With the ease of availability of the internet, big tech companies like Facebook, Google, and Twitter have become popular platforms for the users not for the entertainment purpose but also for knowing the latest happenings of the world. Nine European press agencies are asking the three internet giants to pay money as copyright for using news content on which they are making millions.
“Facebook has become the biggest media in the world, Yet neither Facebook nor Google has a newsroom… They do not have journalists in Syria risking their lives, nor a bureau in Zimbabwe investigating Mugabe’s departure, nor editors to check and verify information sent in by reporters on the ground.,” a statement read in the French daily Le Monde on Wednesday.
“Access to free information is supposedly one of the great victories of the internet. But it is a myth,” the press agencies proclaimed. The increase in the use of these big brands for news has led to big ad revenue losses for other companies.

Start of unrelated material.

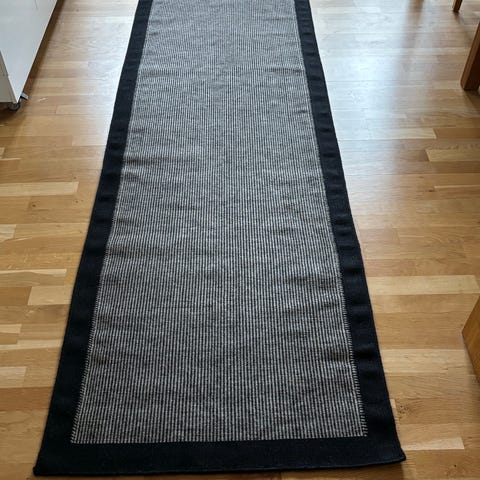 Plastmatta i fint skick. Svart/skiftande i mörkt blå. Fin som hallmatta eller liknande.
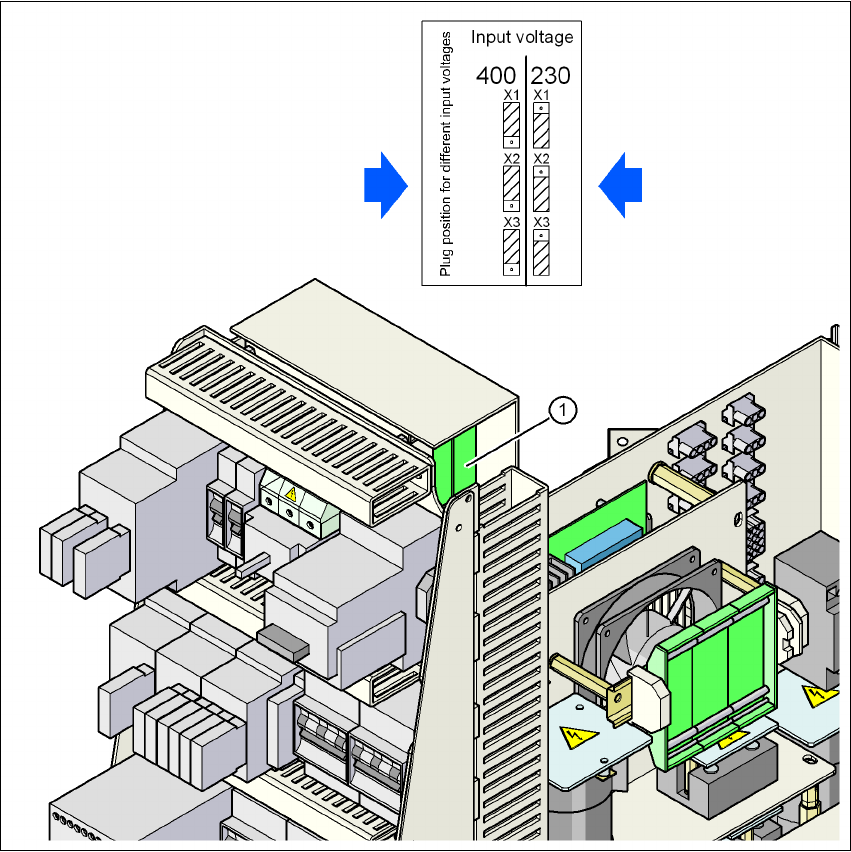 → 따라서 단자 블록 ( 그림 4.2 - 5) 에서 , 3 상 변압기 T1 의 1 차 측면이 각 공급 전압에 대해

“Years have passed (without anything being done) and free and reliable news gathering is now threatened because the media will simply no longer be able to pay for it. Diverse and reliable news sources, a pillar of democracy, risk being undermined. Attempts by news agencies in France, Germany, and Spain to force internet giants to pay have only resulted in them coughing up a ‘few symbolic crumbs’ the news agencies added.
The complete appeal to make these companies pay for the news content is signed by AFP, the German agency DPA, the Swedish agency TT, Austria’s APA, Britain’s Press Association, Italy’s Ansa, Belga of Belgium, the Spanish agency EFE, and the Dutch agency ANP.